Нравоучение сие было произнесено таким громким голосом, что его, несомненно, услышали даже на противоположном конце зала. Завершил достойный монолог весьма церемонный поклон в сторону мистера Дарси. Гости с удивлением уставились на молодого человека. Многие заулыбались, но никто не выглядел таким рассмешенным, как мистер Беннет. Впрочем, его жена с совершенно серьезным видом похвалила мистера Коллинза за такую разумную речь и полушепотом сообщила леди Лукас о том, как умен и добр этот человек.
Элизабет начинало казаться, будто вся ее семья решила в этот вечер показать себя во всей красе и что едва ли кто-либо сыграет эту роль более вдохновенно, целеустремленно и успешно, чем ее родные.
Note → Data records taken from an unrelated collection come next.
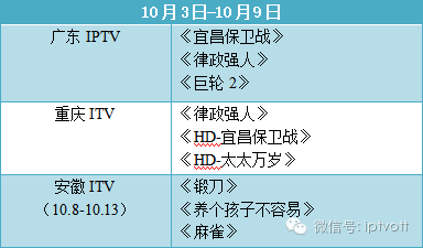 《宜昌保卫战》《律政强人》本周延续上周的强势表现,仍旧同时在广东与重庆两家榜单中上榜,且排名靠前。广东iptv电视剧榜单前三甲是《宜昌保卫战》《律政强人》《巨轮2》;《律政强人》《hd-宜昌保卫战》《hd-太太万岁》排名重庆itv电视剧榜单前三甲。安徽itv榜单冠亚季军分别是《锻刀》《养个孩子不容易》《麻雀》。
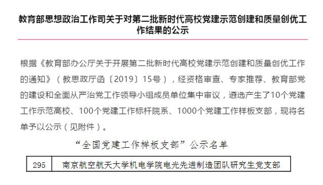 12月12日,教育部思想政治工作司公示了第二批新时代高校党建示范创建和质量创优工作结果,里番 首个在课题组建立的纵向党支部——电光先进制造团队研究生党支部荣获“全国党建工作样板支部”。
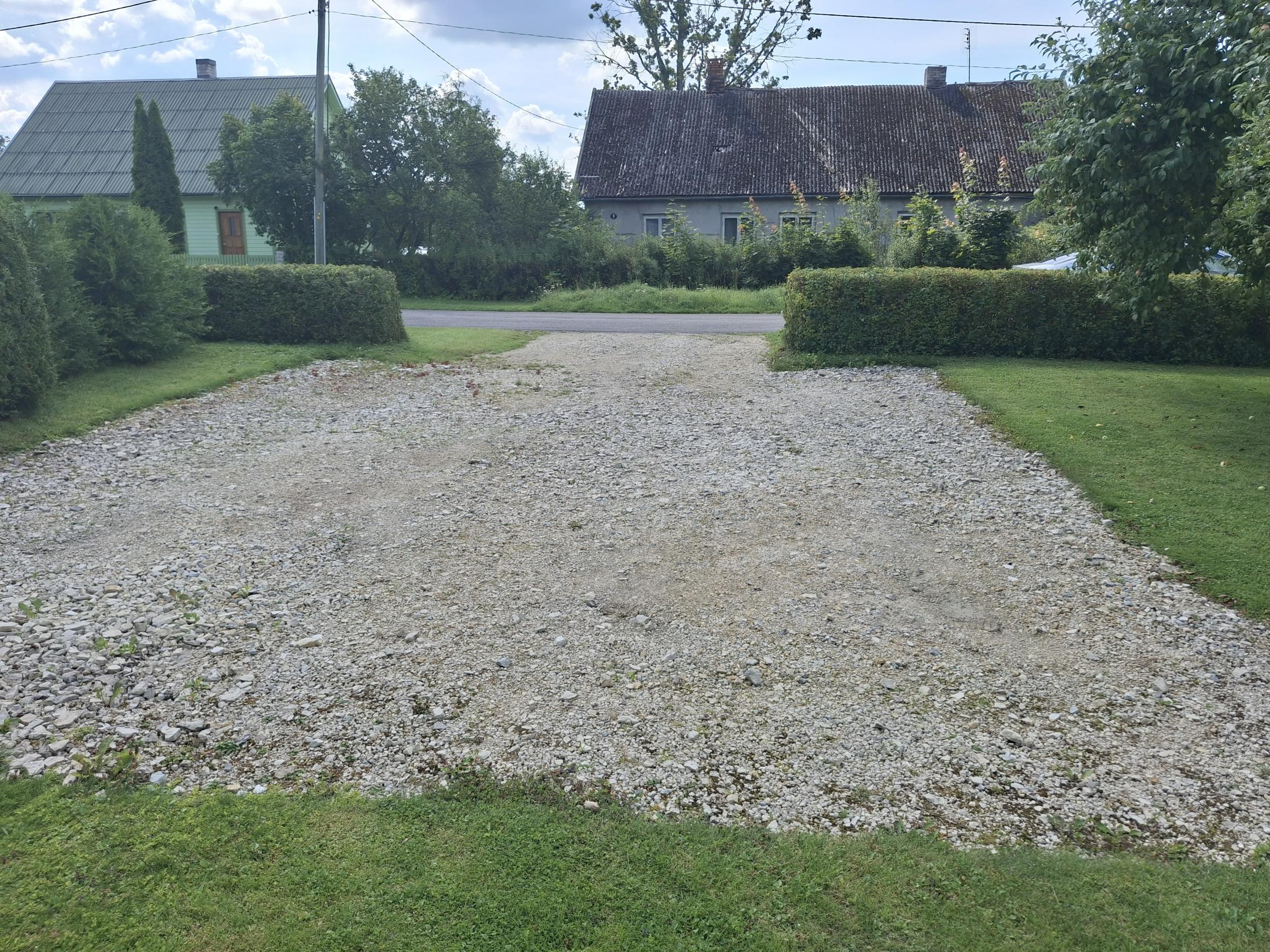 Platsidel on rajatud ridakillustikust alus (v.a. jalgteed). Alus vajab ilmselt tasandamist. Paigaldada kõnnitee äärekivid (1000x200x80), paigalduskiht ja sillutiskivid (NUNNA 200*100*60MM HALL).
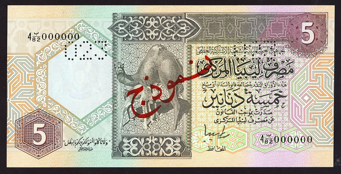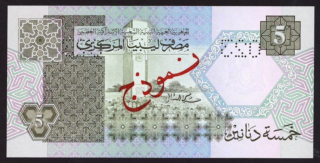 Central Bank of Libya, specimen 5 dinars, ND (1991), (Pick 60s, TBB B524s) interestingly unrecorded prefix in Linzmayer, Uncirculated

Радовало только то, что некоторые из пассажей прошли не замеченными ни мистером Бингли, ни в особенности его сестрами и что уделять слишком уж много внимания людской глупости и самонадеянности было не в характере хозяина приема. Тем не менее, перспектива того, что уж кто-кто, а мистер Дарси и сестры Бингли не упустят возможность перемыть кости ее родственникам, удручала; и Элизабет так и не смогла определить, что же ей более всего неприятно – мрачное затишье мистера Дарси или полные победного злорадства улыбки мисс Бингли и миссис Херст.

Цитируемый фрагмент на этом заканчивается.